Segment Open

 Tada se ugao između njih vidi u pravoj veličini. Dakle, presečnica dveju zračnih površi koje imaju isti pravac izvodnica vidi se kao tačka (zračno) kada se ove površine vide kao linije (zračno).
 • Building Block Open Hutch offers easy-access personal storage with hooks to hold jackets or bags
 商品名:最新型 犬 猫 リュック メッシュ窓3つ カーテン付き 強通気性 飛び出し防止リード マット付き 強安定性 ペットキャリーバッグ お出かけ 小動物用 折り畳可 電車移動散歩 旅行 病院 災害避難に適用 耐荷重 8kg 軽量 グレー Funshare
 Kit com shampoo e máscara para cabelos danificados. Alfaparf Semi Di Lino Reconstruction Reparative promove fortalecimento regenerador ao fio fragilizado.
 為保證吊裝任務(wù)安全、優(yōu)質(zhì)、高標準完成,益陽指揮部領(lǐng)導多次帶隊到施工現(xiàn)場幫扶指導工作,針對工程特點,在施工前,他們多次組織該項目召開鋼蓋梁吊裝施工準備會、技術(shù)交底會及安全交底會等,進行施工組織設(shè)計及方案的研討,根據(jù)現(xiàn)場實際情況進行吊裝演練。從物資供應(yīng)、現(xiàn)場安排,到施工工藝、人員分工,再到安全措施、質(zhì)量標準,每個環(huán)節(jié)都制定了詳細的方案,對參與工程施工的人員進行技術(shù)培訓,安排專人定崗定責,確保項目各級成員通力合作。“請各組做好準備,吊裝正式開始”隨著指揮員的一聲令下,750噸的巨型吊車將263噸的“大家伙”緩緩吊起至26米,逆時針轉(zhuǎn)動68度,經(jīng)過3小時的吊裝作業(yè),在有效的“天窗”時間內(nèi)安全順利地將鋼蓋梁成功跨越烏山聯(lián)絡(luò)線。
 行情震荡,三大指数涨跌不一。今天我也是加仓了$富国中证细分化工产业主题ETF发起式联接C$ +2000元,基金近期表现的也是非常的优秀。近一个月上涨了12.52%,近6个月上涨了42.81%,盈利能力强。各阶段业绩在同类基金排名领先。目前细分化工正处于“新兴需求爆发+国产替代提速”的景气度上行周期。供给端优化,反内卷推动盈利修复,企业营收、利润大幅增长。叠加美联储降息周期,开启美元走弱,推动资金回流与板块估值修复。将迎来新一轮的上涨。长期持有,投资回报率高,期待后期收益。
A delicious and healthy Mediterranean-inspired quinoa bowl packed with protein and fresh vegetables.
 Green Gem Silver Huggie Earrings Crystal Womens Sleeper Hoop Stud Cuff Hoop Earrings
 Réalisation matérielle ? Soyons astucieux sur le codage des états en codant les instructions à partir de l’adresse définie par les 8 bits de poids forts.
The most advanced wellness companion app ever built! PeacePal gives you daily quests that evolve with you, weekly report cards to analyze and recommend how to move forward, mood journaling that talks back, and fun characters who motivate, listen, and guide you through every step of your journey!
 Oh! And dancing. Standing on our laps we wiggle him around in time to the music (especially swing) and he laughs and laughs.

Segment Closed

Exercise goal: Up to and including the last line of the listing above, copy exactly every line from the one that contains "行情震荡,三大指数涨跌不一。" onward; leave out all others.

Result of this task:
 行情震荡,三大指数涨跌不一。今天我也是加仓了$富国中证细分化工产业主题ETF发起式联接C$ +2000元,基金近期表现的也是非常的优秀。近一个月上涨了12.52%,近6个月上涨了42.81%,盈利能力强。各阶段业绩在同类基金排名领先。目前细分化工正处于“新兴需求爆发+国产替代提速”的景气度上行周期。供给端优化,反内卷推动盈利修复,企业营收、利润大幅增长。叠加美联储降息周期,开启美元走弱,推动资金回流与板块估值修复。将迎来新一轮的上涨。长期持有,投资回报率高,期待后期收益。
A delicious and healthy Mediterranean-inspired quinoa bowl packed with protein and fresh vegetables.
 Green Gem Silver Huggie Earrings Crystal Womens Sleeper Hoop Stud Cuff Hoop Earrings
 Réalisation matérielle ? Soyons astucieux sur le codage des états en codant les instructions à partir de l’adresse définie par les 8 bits de poids forts.
The most advanced wellness companion app ever built! PeacePal gives you daily quests that evolve with you, weekly report cards to analyze and recommend how to move forward, mood journaling that talks back, and fun characters who motivate, listen, and guide you through every step of your journey!
 Oh! And dancing. Standing on our laps we wiggle him around in time to the music (especially swing) and he laughs and laughs.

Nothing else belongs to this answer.